By Leo Schwartz, Fortune Magazine
Translated by Luffy, Foresight News

Dan Morehead, Founder of Pantera Capital
In 2016, Dan Morehead embarked on a global tour to spread the "gospel" of Bitcoin. The former Goldman Sachs and Tiger Management trader had been utterly captivated by Bitcoin a few years earlier, firmly believing it would reshape the global economy. His conviction in the currency was so strong that he returned from semi-retirement to transform his hedge fund, Pantera Capital, into one of the world's first Bitcoin funds.
The new venture launched in 2013 with strong initial momentum, backed by two Princeton alumni, Pete Briger and Mike Novogratz, both from private equity giant Fortress Investment Group. The trio watched joyfully as Bitcoin purchased by Pantera at an initial price of $65 surged to over $1,000 by year-end. But then disaster struck: hackers looted Mt. Gox, the dominant exchange in the nascent cryptocurrency industry, causing Bitcoin’s price to plummet by 85%. "People would say, 'Aren’t you the guy doing that dead Bitcoin thing?'" Morehead recalls. "It’s still alive!" he always replied.
During his 2016 Bitcoin evangelism tour, Morehead scheduled 170 meetings. Each time he walked into a potential investor's office, he spent an hour arguing why this new asset was the most compelling opportunity. The result: he raised only $1 million for a struggling fund. Worse, Morehead’s own travel expenses totaled around $17,000. "I made $100 per meeting just to convince people to buy Bitcoin," he told Fortune.
Less than a decade later, as Bitcoin approaches $120,000, Morehead’s early struggles have become part of founder lore—akin to Steve Jobs and Steve Wozniak tinkering in Jobs’ parents’ garage to create Apple, or Warren Buffett and Charlie Munger discussing stock picks over dinner in Omaha.

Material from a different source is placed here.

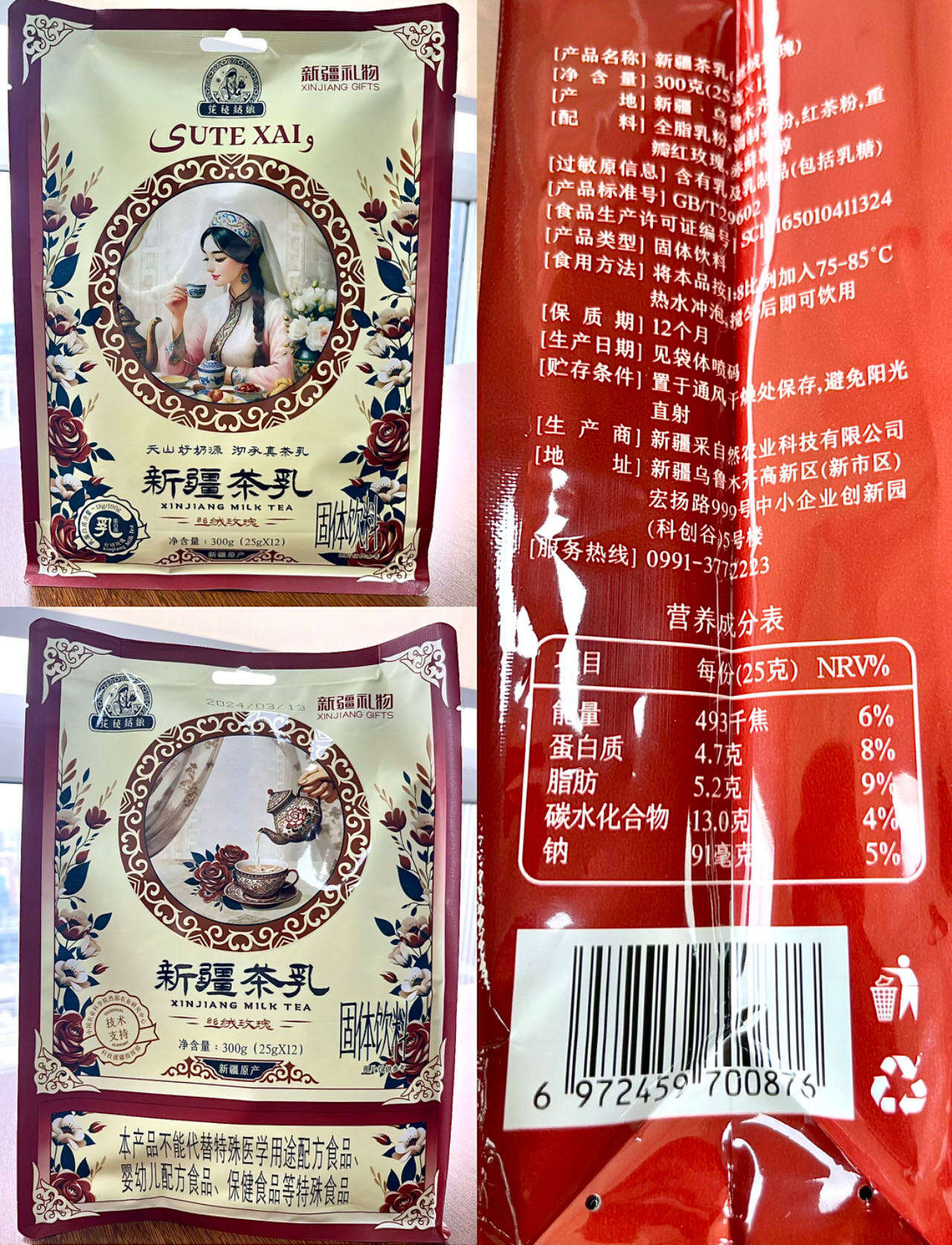 【配料】新疆茶乳(原味):全脂乳粉、调制乳粉、红茶粉、食用盐

Today, Pantera manages over $4 billion in assets across various crypto funds, holding digital assets including Bitcoin and Ethereum, and investments in companies like Circle (which went public in June) and Bitstamp (acquired by Robinhood for $200 million earlier this year). Yet in the fiercely competitive crypto venture space, the firm stands out due to its "first-mover" status: it is a renowned bridge between conservative traditional finance and the once-rebellious crypto world. At its core, Morehead remains a low-key doer in an industry full of larger-than-life characters.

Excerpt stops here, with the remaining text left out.